Therefore, in the instant case we find, and so hold, that the judgment of divorce rendered in Mire v. Mire in the Chancery Court of Harrison County, Mississippi, is not entitled to full faith and credit and that the proceeding carried on in that case in Mississippi was not an adversary proceeding where the parties had an opportunity to raise the jurisdictional question under the proceedings that took place there. Neither the plaintiff nor the defendant was a domiciliary of Mississippi, in fact, the defendant, Owen J. Mire, never at any time went to the State of Mississippi and that the plaintiff went there only for the purpose of testifying and remained but a few days. Under such circumstances the Mississippi Court did not obtain jurisdiction and the judgment of divorce rendered in that proceeding is null and void.

By supplemental brief the plaintiff advances the argument that “in many jurisdictions, even where a collateral attack on a judgment is permitted, the third parties must be protecting a right which arose prior to the judgment attacked.” In other words, if a collateral attack on the Mississippi judgment is permitted we should restrict the effect thereof to protecting a right which arose prior thereto. Of course the meaning of such a holding would be that the defendants herein could not attack the divorce which was rendered in 1950 and if successful in that attack it could not be pleaded in bar of the cause of action that arose subsequent to 1950. It appears that the plaintiff would have us hold that the nullity of the judgment of divorce rendered by the Mississippi Court is really a relative nullity, null only in relation to some occurrence or cause of action that arose prior to the rendition of the Mississippi judgment of divorce.

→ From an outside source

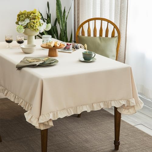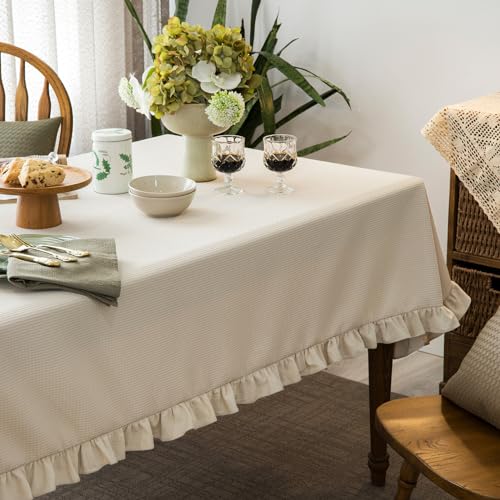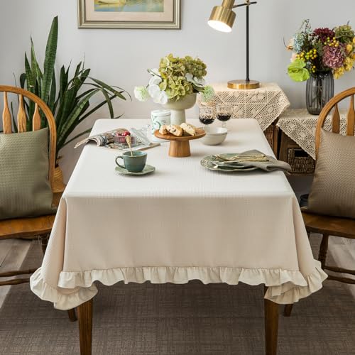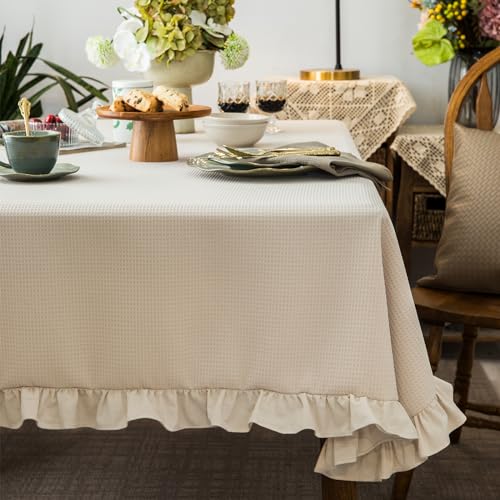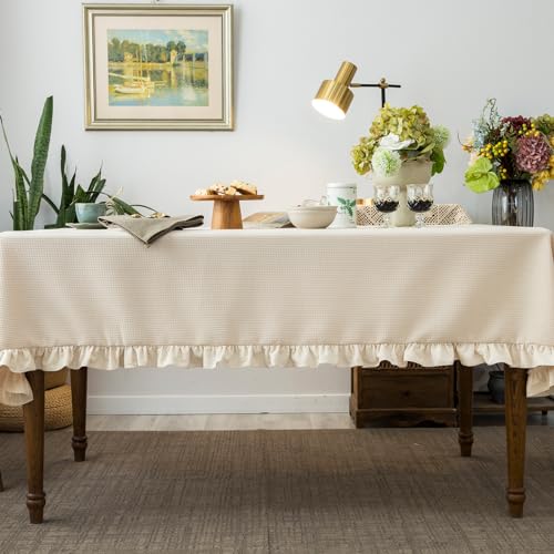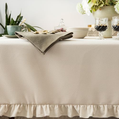 Waffle Weave Textured Rectangle/Oblong Tablecloth with Cotton Retro Ruffle Trim Solid Table Cover for Buffet Banquet Parties Event Holiday Kitchen Dining Farmhouse Decor Pea Green 55x84 Inches

We are not persuaded by this argument because we can find no distinction between the effect of this judgment on either a prior cause of action or one arising subsequent to the nullity. It is our holding that anyone at interest has the right to plead the nullity of a judgment of a sister state rendered under the circumstances that we find this judgment rendered. In the case of Finn v. Employers’ Liability Assurance Corporation (1962), La.App., 141 So.2d 852 the alleged nullity of an Arkansas judgment of divorce was pleaded in bar to a cause of action that arose subsequent to the rendition of the Arkansas judgment. The trial court in the Finn case permitted the defendants to collaterally attack the judgment, and our brothers of the Second Circuit affirmed the judgment.

For the foregoing reasons, the judgment appealed from is affirmed at appellant’s cost.

Judgment affirmed.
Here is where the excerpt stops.